A curated playlist of related film and television titles from the BFI’s national collections will also be available to browse at the BFI Mediatheque, in venue at BFI Southbank.
NHS ON FILM collection highlights include:

A Modern Guide to Health* (1946) – Modern advice and old-fashioned values prevail in Halas & Batchelor’s animated pre-NHS health guide, explaining the value of correct posture, fresh air, exercise and suitable clothing.

Doctor’s Dilemma* (1948) – Distributed in conjunction with a larger media campaign with a remit to instruct the public on what they needed to do in order to benefit from the new scheme, this film was shown widely in cinemas across the country.

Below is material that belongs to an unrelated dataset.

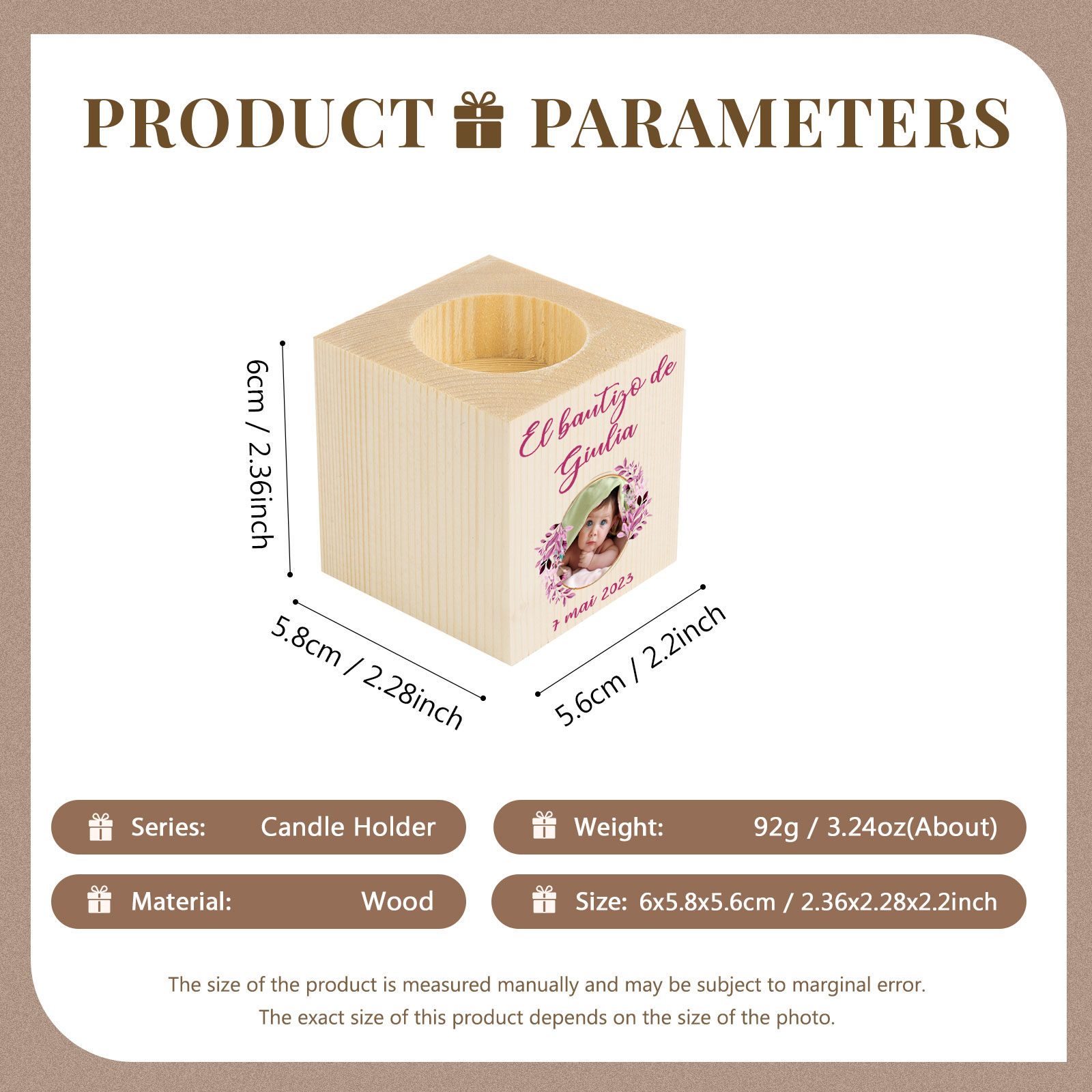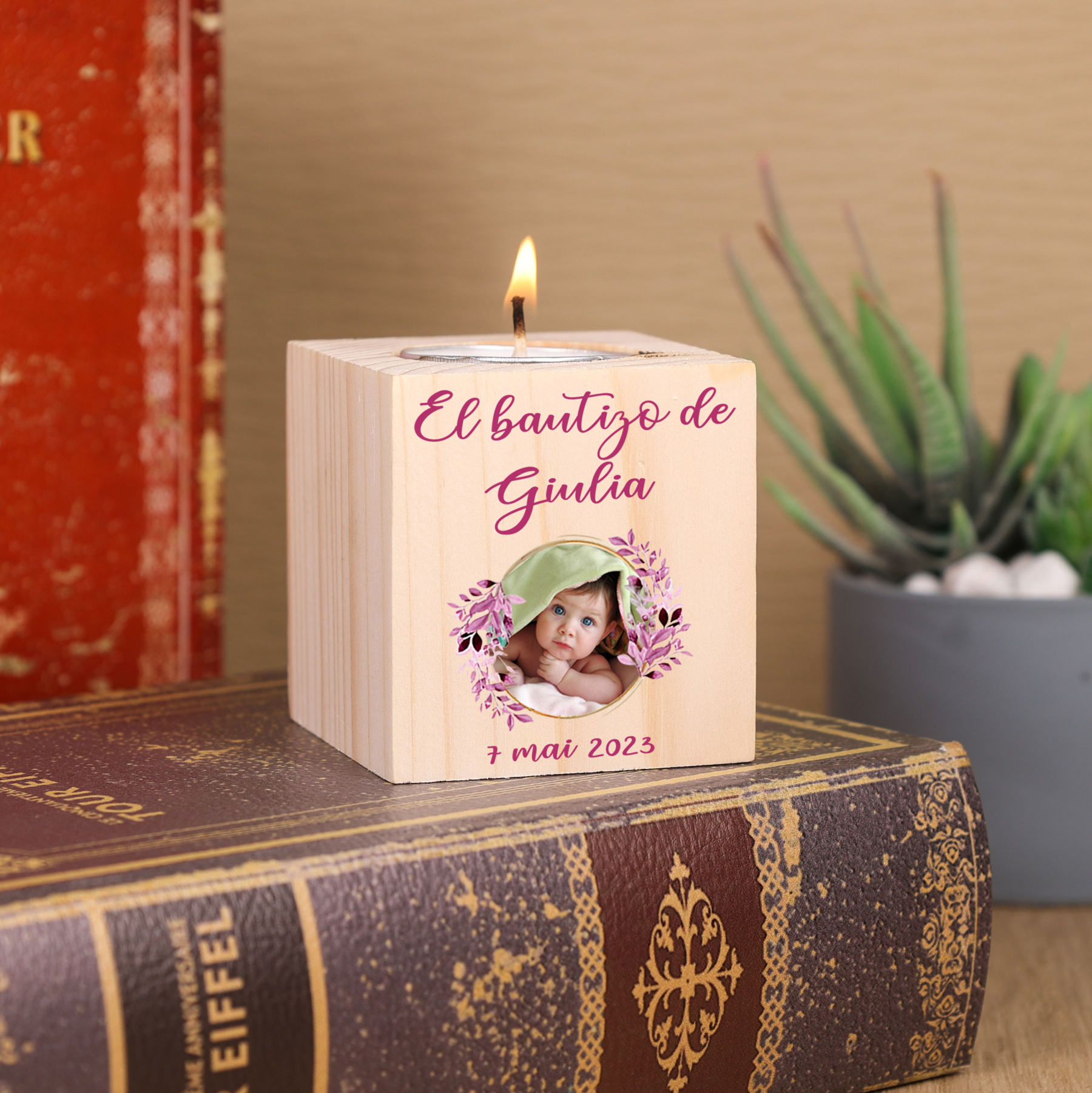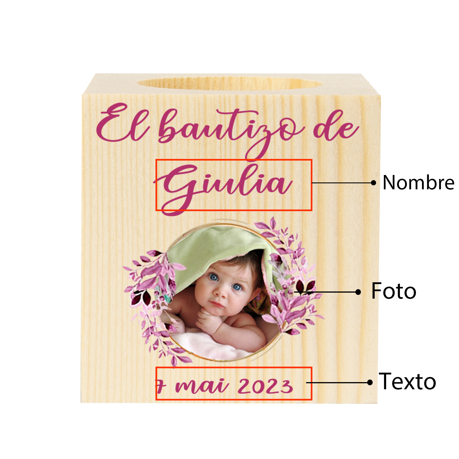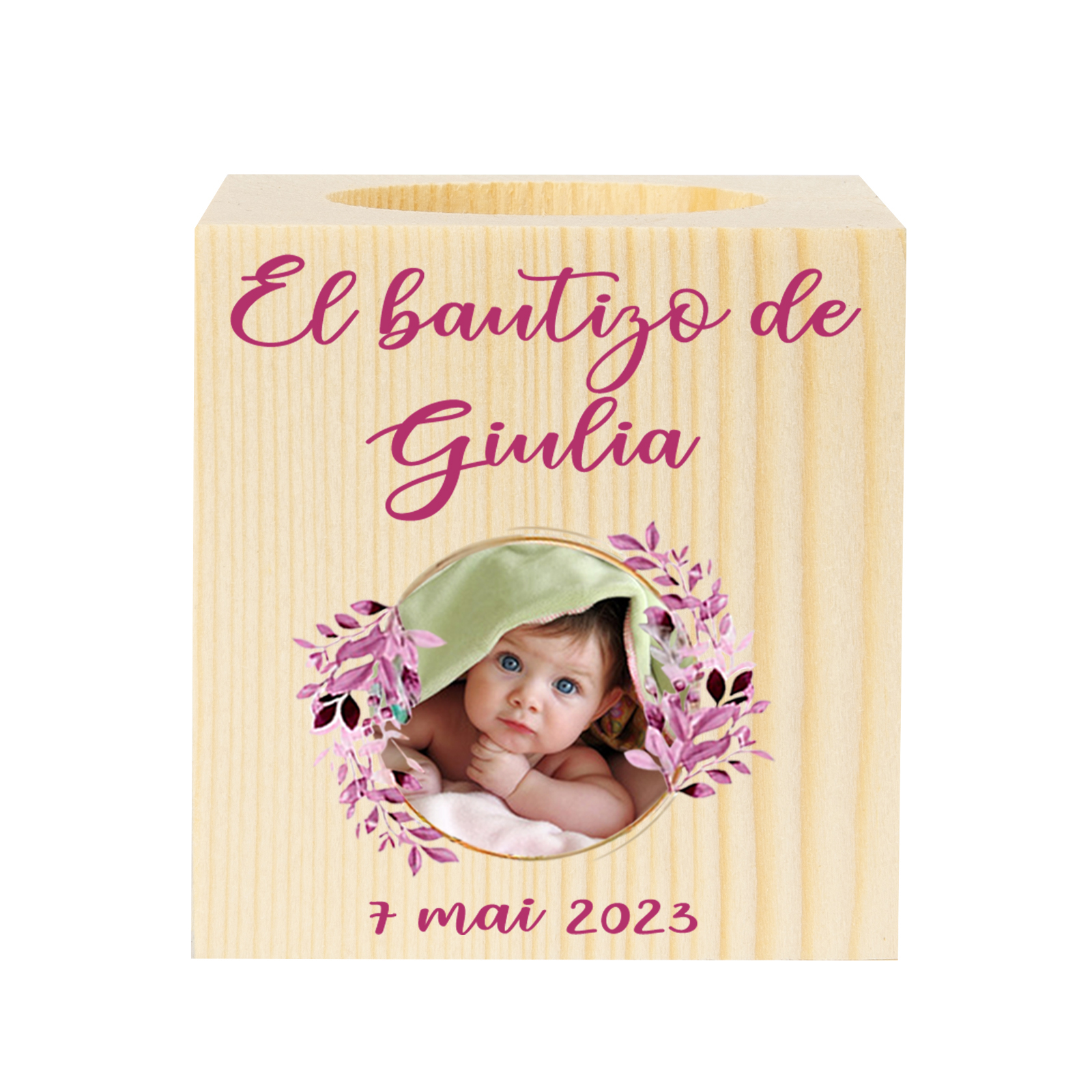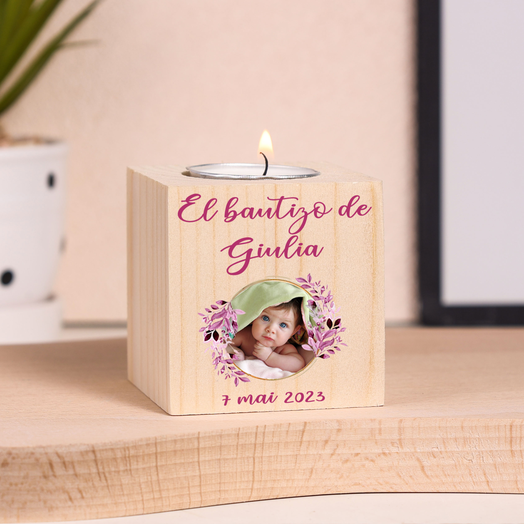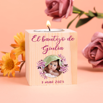 Bautizo Candelero de Madera Flor Nombre Personalizado con Texto y Foto sin Vela

Here’s Health* (1948) – This COI/Ministry of Health drama uses a family and community story to mark the nationalisation of the health service, revolving around a hard-working local doctor, imagining the then nearfuture in which resources will be better planned and used for the benefit of the nation’s health.

Your Very Good Health* (1948) – Halas & Batchelor’s beautiful choreographed slapstick animation injects a freshness and immediacy into this entertaining post war propaganda. Endowed with an average man-on-the
street’s everyday charm the central character, Charley (1946-1948), was a popular and familiar face to disseminate important information to the masses.

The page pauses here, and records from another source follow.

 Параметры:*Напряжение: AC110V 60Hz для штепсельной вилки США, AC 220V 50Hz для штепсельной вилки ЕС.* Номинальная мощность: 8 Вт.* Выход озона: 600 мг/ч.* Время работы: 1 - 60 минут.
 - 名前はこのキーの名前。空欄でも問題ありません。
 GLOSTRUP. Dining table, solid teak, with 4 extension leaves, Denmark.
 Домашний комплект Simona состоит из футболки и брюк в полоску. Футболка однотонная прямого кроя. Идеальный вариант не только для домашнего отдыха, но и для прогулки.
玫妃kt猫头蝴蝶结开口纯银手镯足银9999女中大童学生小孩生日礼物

His Fighting Chance* (1949) – Narrated by Eleanor Roosevelt and Michael Redgrave this public campaign film for infantile paralysis/Polio presents the facts plainly, giving a general account of the disease, the number of cases, how it affects its victims both children and adults alike, as well as focusing on modern techniques of rehabilitation.

Life in Her Hands* (1951) – Featuring a strong script by Monica Dickens (great grand-daughter of Charles) and Anthony Steven which appeals to and targeted women, Life in Her Hands follows the life and training of a nurse, seen through the eyes of a young widow played by Kathleen Byron (Black Narcissus). Part of a wider national recruitment campaign to address the chronic shortage of qualified nurses in post-war Britain and encourage women into the profession.

Understanding Aggression* (1960) – Directed by veteran documentarist Margaret Thomson (The Troubled Mind (1954), Continuous Observation (1955)) this drama-documentary explores the ways in which staff should deal with aggressive episodes by psychiatric patients. Primarily produced as a teaching aide for student nurses, to help them prepare for and understand their role it would have been restricted to professional audiences.

Modern Day Nightingales (1978) – Presented by actress Jumoke Debayo, this episode of COI magazine series London Line describes aspects of modern nursing, focusing on intensive care treatment at Guy’s Hospital in an age of advanced medical technology. Britain’s nursing profession attracted many African students and the series, particularly in the early 1970s, had regular stories following African students at university or those involved in social work or healthcare.

The Smoking Machine* (1964) – Intended primarily for children aged 9-12. Presented in the context of a major nationwide anti-smoking campaign, suggesting that it’s not grown-up to smoke. Five children, their curiosity provoked by their friend, Jim, a teenage cigarette chain-smoker, set out to discover why people smoke.

Blood Donor: Glenda and Ernie (1981) – Glenda Jackson makes a song and a dance about giving blood in a wise-cracking double act with Ernie Wise. The tradition of using well-known film and TV personalities in health campaigns goes back to the earliest days of the public information film. The National Blood Service struck gold with this entertaining appeal film, pairing the queen of costume drama and acknowledged king of comedy.

AIDS – Monolith (1985) and Iceberg* (1987) – The result of a £5 million campaign masterminded by advertising rising star Sammy Harari to combat the growing AIDs epidemic. This hard-hitting and memorable campaign undoubtedly fulfilled its brief of pervading public consciousness, simple and iconic imagery combined with John Hurt’s grave voiceover defined these highly charged public health films, bringing public information filmmaking into the realm of state-of-the-art corporate advertising.